Struggling with Projectile Motion Problems?

[shellz178]

i'm having a lot of trouble with these:

1. A golf ball with an initial angle of 36° lands exactly 210 m down the range on a level course.
(a) Neglecting air friction, what initial speed would achieve this result?

(b) Using the speed determined in item (a), find the maximum height reached by the ball.

2. A science student riding on a flatcar of a train moving at a constant speed of 5.00 m/s throws a ball toward the caboose along a path that the student judges as making an initial angle of 65.0° with the horizontal. The teacher, who is standing on the ground nearby, observes the ball rising vertically. How high does the ball rise?

if anyone knows how to do these, help would be amazing. thanks!

 

[radou]

i'm having a lot of trouble with these:

1. A golf ball with an initial angle of 36° lands exactly 210 m down the range on a level course.
(a) Neglecting air friction, what initial speed would achieve this result?

(b) Using the speed determined in item (a), find the maximum height reached by the ball.

Here, this should be useful: http://www.ac.wwu.edu/~vawter/PhysicsNet/Topics/Vectors/ProjectilesMotion.html" .

After showing us some of your work, we'll be glad to jump in if necessary.

 

[zcm5000]

i'm having a lot of trouble with these:

1. A golf ball with an initial angle of 36° lands exactly 210 m down the range on a level course.
(a) Neglecting air friction, what initial speed would achieve this result?

(b) Using the speed determined in item (a), find the maximum height reached by the ball.

2. A science student riding on a flatcar of a train moving at a constant speed of 5.00 m/s throws a ball toward the caboose along a path that the student judges as making an initial angle of 65.0° with the horizontal. The teacher, who is standing on the ground nearby, observes the ball rising vertically. How high does the ball rise?

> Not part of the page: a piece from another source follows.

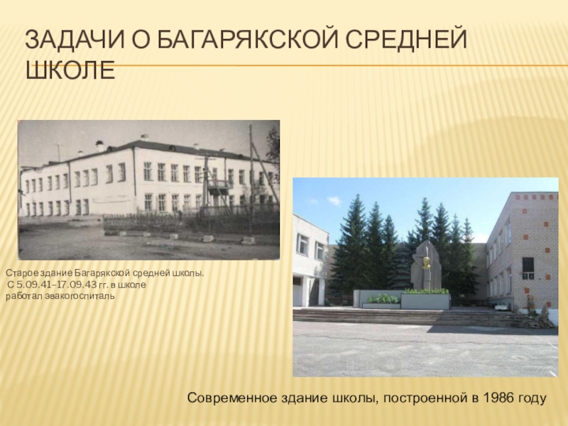 Слайд 17Задачи о Багарякской средней школе

if anyone knows how to do these, help would be amazing. thanks!

(a) Use the range equation: $$X_f$$ - $$X_i$$ = $$\frac{V_i^2sin(2\theta)}{g}$$

 

[billiards]

The range of a projectile (how far it travels) is given by the equation
v²sin2@/g

note: i unconventionally used @ for the angle

The height is given by
h=v²sin²@/2g

These equations are derived from the basic kinematic equations of projectile motion under constant acceleration, have fun!

 

[shellz178]

thanks a lot for all the help, i got the first question. I'm still stuck on the second one, and what's worse is that i have another one:

A car is parked on a cliff overlooking the ocean on an incline that makes an angle of 24.0° below the horizontal. The negligent driver leaves the car in neutral, and the emergency brakes are defective. The car rolls from rest down the incline with a constant acceleration of 6.50 m/s2 and travels 50.0 m to the edge of the cliff. The cliff is 40.0 m above the ocean.
(a) What is the car's position relative to the base of the cliff when the car lands in the ocean?

(b) How long is the car in the air?

i don't know if something's wrong with me because i can calculate upward angles, but downward angles won't work the same way.

 

[shellz178]

thanks a lot for all the help, i got the first question. I'm still stuck on the second one, and what's worse is that i have another one:

A car is parked on a cliff overlooking the ocean on an incline that makes an angle of 24.0° below the horizontal. The negligent driver leaves the car in neutral, and the emergency brakes are defective. The car rolls from rest down the incline with a constant acceleration of 6.50 m/s2 and travels 50.0 m to the edge of the cliff. The cliff is 40.0 m above the ocean.
(a) What is the car's position relative to the base of the cliff when the car lands in the ocean?

(b) How long is the car in the air?

i don't know if something's wrong with me because i can calculate upward angles, but downward angles won't work the same way.